I’m planning to upgrade my ancient Consumer Unit to a modern RCD (residual current device) filled unit. I think they are called GFCIs in the US. I thought I would see if I could measure any existing residual current to see if the upgrade would be problematic. So I put a CT (SCT013) around each of the meter tails and use IoTaWatt to subtract the live and neutral and provide a readout of the residual current to influxdb.
I am seeing a fairly consistent 30mA difference during standard daily loads which should be fine across a dozen breakers, right ?. However, when the Cooker goes on then I’m getting around 100mA which looks to be a problem.
Before I delve further, is this even a viable use-case for the IoTaWatt ? I thought about trying to use a single CT around both tails to get residual directly but dont have anything big enough and suspect anything that big wouldnt be that accurate at a low mA range anyway.
Here, you can see steady state residual current of up to 30mA when total house power is around 500W. You can also see the residual current around 100mA (peaking 150mA) when the cooker is on and using roughly 2000W. This feels possible as the cooker is old, the wiring is dodgy and the power is high. However, there are some negative readings which I dont think should happen when subtracting Neutral current from Live current. It should always be positive right ?
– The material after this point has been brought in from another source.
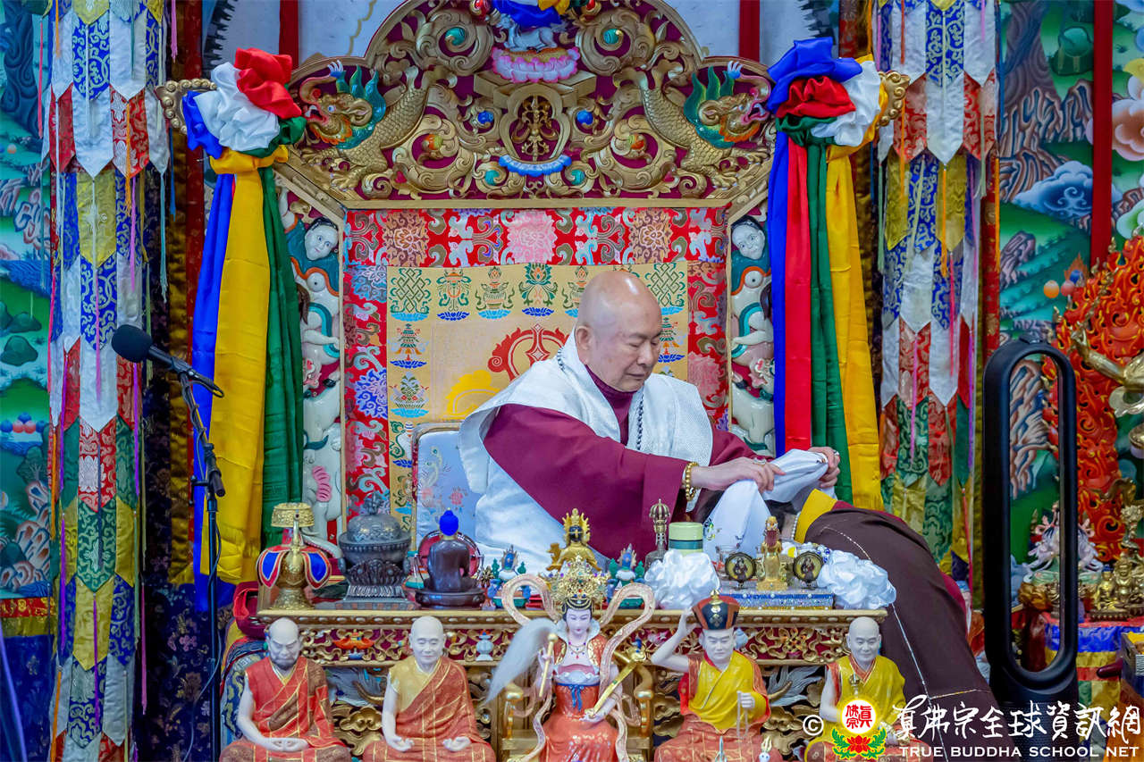 結束精彩的法語開示後,法王慈悲賜授現場與會大眾「大白蓮花童子法」灌頂,法會圓滿落幕。
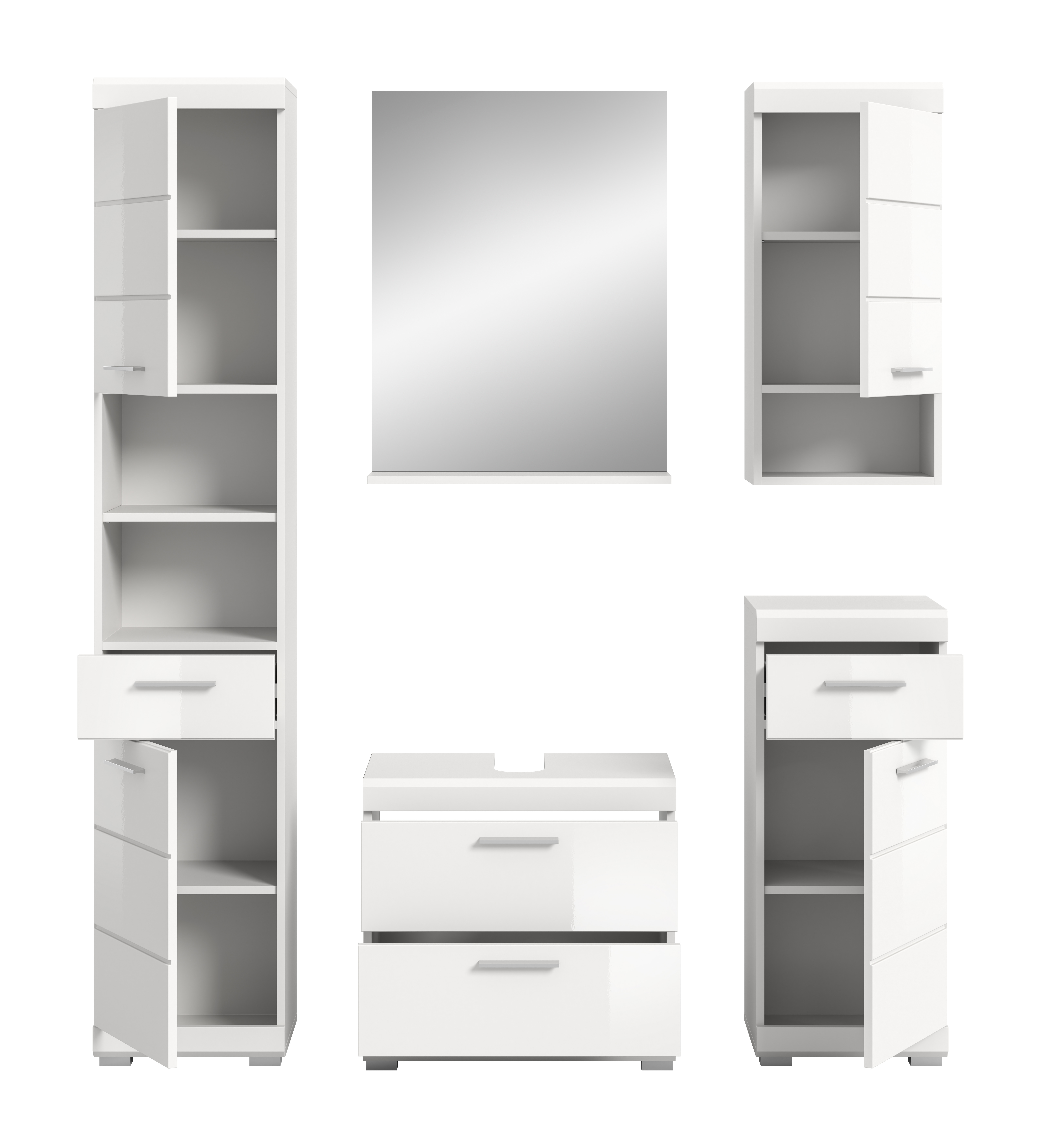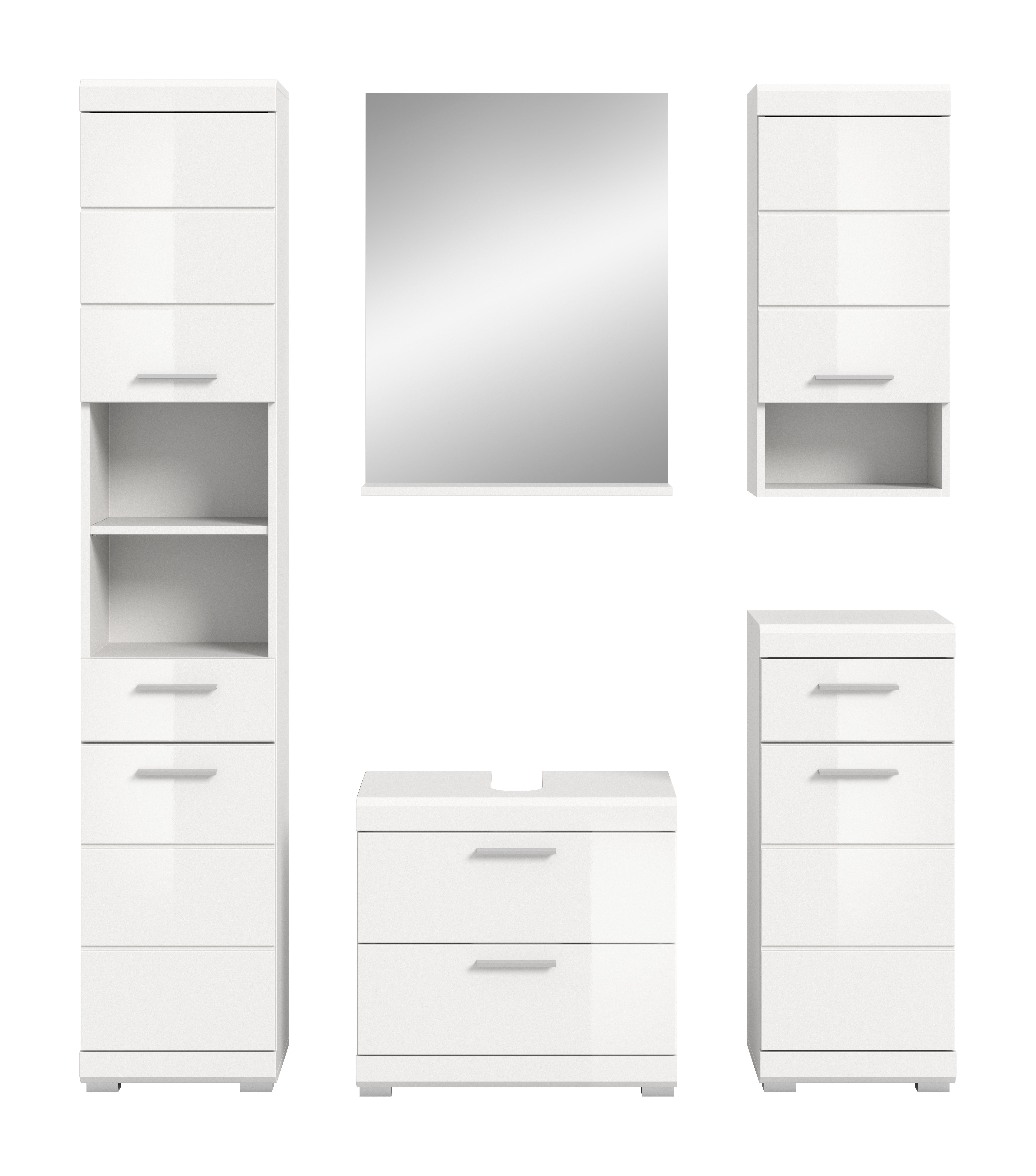 Verleihe deinem Badezimmer den ultimativen Style mit unserer Badkombination in angesagtem weiß Nachbildung und weißem Hochglanz tiefgezogenem Finish. Mit ihrem trendigen Design und der hochwertigen Verarbeitung setzt sie ein modernes Statement in deinem Zuhause. Entdecke jetzt die perfekte Verbindung von Coolness und Funktionalität für dein Badezimmer!

Could this be timing errors in the sampling of the two tails or more likely is it just the error margin of slightly unmatched CTs ? The averaging inherent in the lower resolution graph suggest unmatched CTs so I guess I could put them both on the Live tail and see if I can calculate a scaling factor to bring them inline. Interested in views.
I’m amazed that your differential with this technique is so small. But I doubt that is your actual difference. You are probably using 100A CTs. 30mA is 0.03% of scale. The AccuCTs are 0.5%. So that’s not a viable way to measure.
As a practical matter, if you have an excessive ground fault, I would think that’s a compelling reason to go ahead with the installation and fix the problem. There’s the old joke: If you can’t afford the operation, touch up the X-rays.
If you really want to pursue the differential measurement, you can eliminate any differences between two CTs, input channels etc. by using one CT around both the hot and neutral. They will cancel each other out and leave only the differential.